### What is required
Leave out the pictures and retype, exactly, the lines below from the line with "Personne n'avait encore" up to and including the line with "支持动漫风、剪纸、油画、水彩", nothing more.

Start of Data section

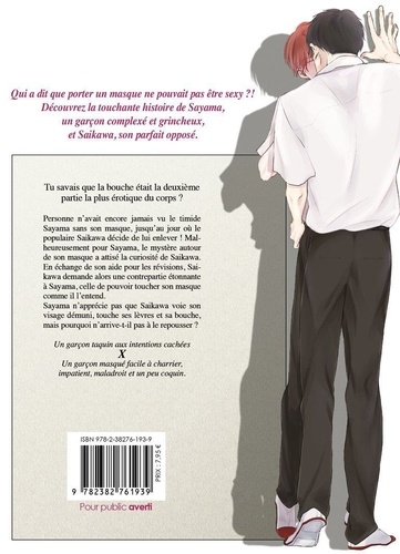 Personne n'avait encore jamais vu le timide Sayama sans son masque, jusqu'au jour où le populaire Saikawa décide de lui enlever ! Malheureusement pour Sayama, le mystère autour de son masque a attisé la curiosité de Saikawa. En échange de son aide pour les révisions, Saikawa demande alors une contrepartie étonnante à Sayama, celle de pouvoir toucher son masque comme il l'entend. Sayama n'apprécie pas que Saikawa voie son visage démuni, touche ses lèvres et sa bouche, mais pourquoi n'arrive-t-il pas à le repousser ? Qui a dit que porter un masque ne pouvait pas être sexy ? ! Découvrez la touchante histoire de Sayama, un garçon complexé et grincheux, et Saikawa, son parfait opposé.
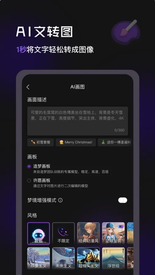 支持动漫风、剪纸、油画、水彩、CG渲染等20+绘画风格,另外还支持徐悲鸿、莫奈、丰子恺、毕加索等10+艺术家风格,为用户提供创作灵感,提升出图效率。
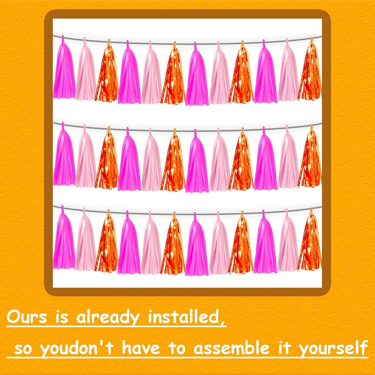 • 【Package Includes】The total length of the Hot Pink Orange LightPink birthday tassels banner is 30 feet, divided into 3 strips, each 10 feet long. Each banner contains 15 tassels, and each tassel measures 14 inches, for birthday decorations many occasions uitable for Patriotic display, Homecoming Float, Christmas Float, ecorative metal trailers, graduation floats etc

End of Data section
Start of Data section

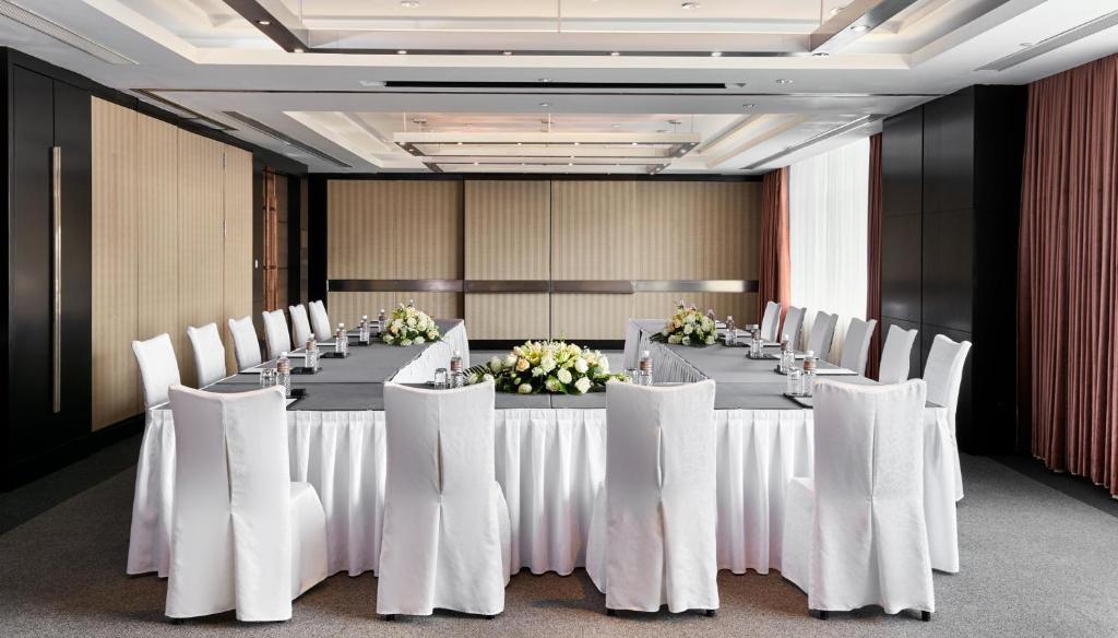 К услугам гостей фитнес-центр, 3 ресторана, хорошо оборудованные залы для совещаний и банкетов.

End of Data section

### Result
 Personne n'avait encore jamais vu le timide Sayama sans son masque, jusqu'au jour où le populaire Saikawa décide de lui enlever ! Malheureusement pour Sayama, le mystère autour de son masque a attisé la curiosité de Saikawa. En échange de son aide pour les révisions, Saikawa demande alors une contrepartie étonnante à Sayama, celle de pouvoir toucher son masque comme il l'entend. Sayama n'apprécie pas que Saikawa voie son visage démuni, touche ses lèvres et sa bouche, mais pourquoi n'arrive-t-il pas à le repousser ? Qui a dit que porter un masque ne pouvait pas être sexy ? ! Découvrez la touchante histoire de Sayama, un garçon complexé et grincheux, et Saikawa, son parfait opposé.
 支持动漫风、剪纸、油画、水彩、CG渲染等20+绘画风格,另外还支持徐悲鸿、莫奈、丰子恺、毕加索等10+艺术家风格,为用户提供创作灵感,提升出图效率。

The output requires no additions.